Local Muscular Fatigue
Exhaustion caused by depleted energy stores (ATP, KP, Glycogen), metabolite accumulation (LacticAcid, H+ions), or disturbed nerve transmission.
Relative VO2max
The maximum amount of oxygen the body can utilize per minute per kilogram of body weight during maximal exertion (ml/min/kg).
Global Endurance
Endurance activities involving more than 1/7 of the total skeletal muscle mass, such as running or swimming.
Short-term Endurance (KZA)
Activities lasting 35 seconds to 2 minutes, relying primarily on anaerobic-lactic energy metabolism.
Medium-term Endurance (MZA)
Activities lasting 2 to 10 minutes using a mix of anaerobic-lactic and aerobic energy production.
Long-term Endurance (LZA)
Activities lasting over 10 minutes, predominantly powered by aerobic energy metabolism.
ATP−Resynthesis
The process of restoring Adenosine Triphosphate via direct decay, KP decay (alactic-anaerobic), Glycolysis (anaerobic-lactic), or aerobic metabolism.
Aerobic Threshold
The point where blood lactate rises slightly above resting levels (usually 2mmol/L), while production and elimination remain in balance.
Anaerobic Threshold (IANS)
The highest intensity where lactate production still equals elimination; beyond this point, lactate accumulates rapidly.
Interval Method
A training method alternating between load phases and periods of incomplete recovery (rewarding breaks).
Rewarding Break (Lohnende Pause)
An incomplete recovery period used in interval training where the next stimulus begins before full recovery, training the body to adapt to lactate.
Oxygen Debt (EPOC)
Excess Post-exercise Oxygen Consumption; the elevated oxygen intake after training used to restore energy stores and eliminate lactate.
Karvonen Formula
An equation used to calculate target heart rate (THR) based on reserve: THR=(HRmax−HRrest)×Intensity+HRrest.
Concentric Contraction
A form of muscle work where the muscle shortens under tension to overcome resistance (e.g., lifting a weight).
Eccentric Contraction
A form of muscle work where the muscle lengthens under tension (e.g., lowering a weight).
Isometric Contraction
Muscle tension generated without a change in muscle length (e.g., holding a plank).
Maximum Strength
The greatest force the neuromuscular system can exert during a voluntary contraction.

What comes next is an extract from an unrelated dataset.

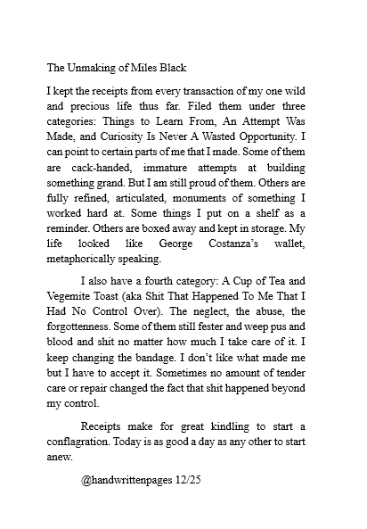 I kept the receipts from every transaction of my one wild and precious life thus far. Filed them under three categories: Things to Learn From, An Attempt Was Made, and Curiosity Is Never A Wasted Opportunity. I can point to certain parts of me that I made. Some of them are cack-handed, immature attempts at building something grand. But I am still proud of them. Others are fully refined, articulated, monuments of something I worked hard at. Some things I put on a shelf as a reminder. Others are boxed away and kept in storage. My life looked like George Costanza’s wallet, metaphorically speaking.
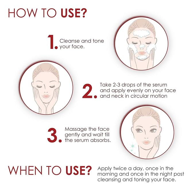 - How to Use: After cleansing properly, apply 2-3 drops of the serum all over the face. Gently massage into the skin with your fingertips until it is fully absorbed

Explosive Strength (Schnellkraft)
The capacity to generate a high amount of force in a very short period of time.
Stretch-Shortening Cycle (DVZ/SSC)
A mechanism where an eccentric pre-stretch is followed by an explosive concentric contraction, utilizing stored elastic energy and reflexes.
Sarcomere
The smallest functional unit of a muscle, consisting of overlapping actin and myosin filaments.
Motor Unit
A single motoneuron and all the individual muscle fibers it innervates.
Type I Muscle Fibers
Slow-twitch (ST), red fibers with high myoglobin and mitochondria, optimized for aerobic endurance and fatigue resistance.
Type IIx Muscle Fibers
Fast-twitch (FG), white fibers with very fast contraction speeds and low fatigue resistance, optimized for explosive bursts.
Intramuscular Coordination
The ability to activate a high number of motor units simultaneously and with high frequency within a single muscle.
Hypertrophy Training
Strength training at 60−85% of 1RM with 6−12 repetitions, aimed at increasing muscle cross-sectional area.
Isokinetic Training
Training where movement speed remains constant throughout the entire range of motion, with resistance adjusting to the force applied.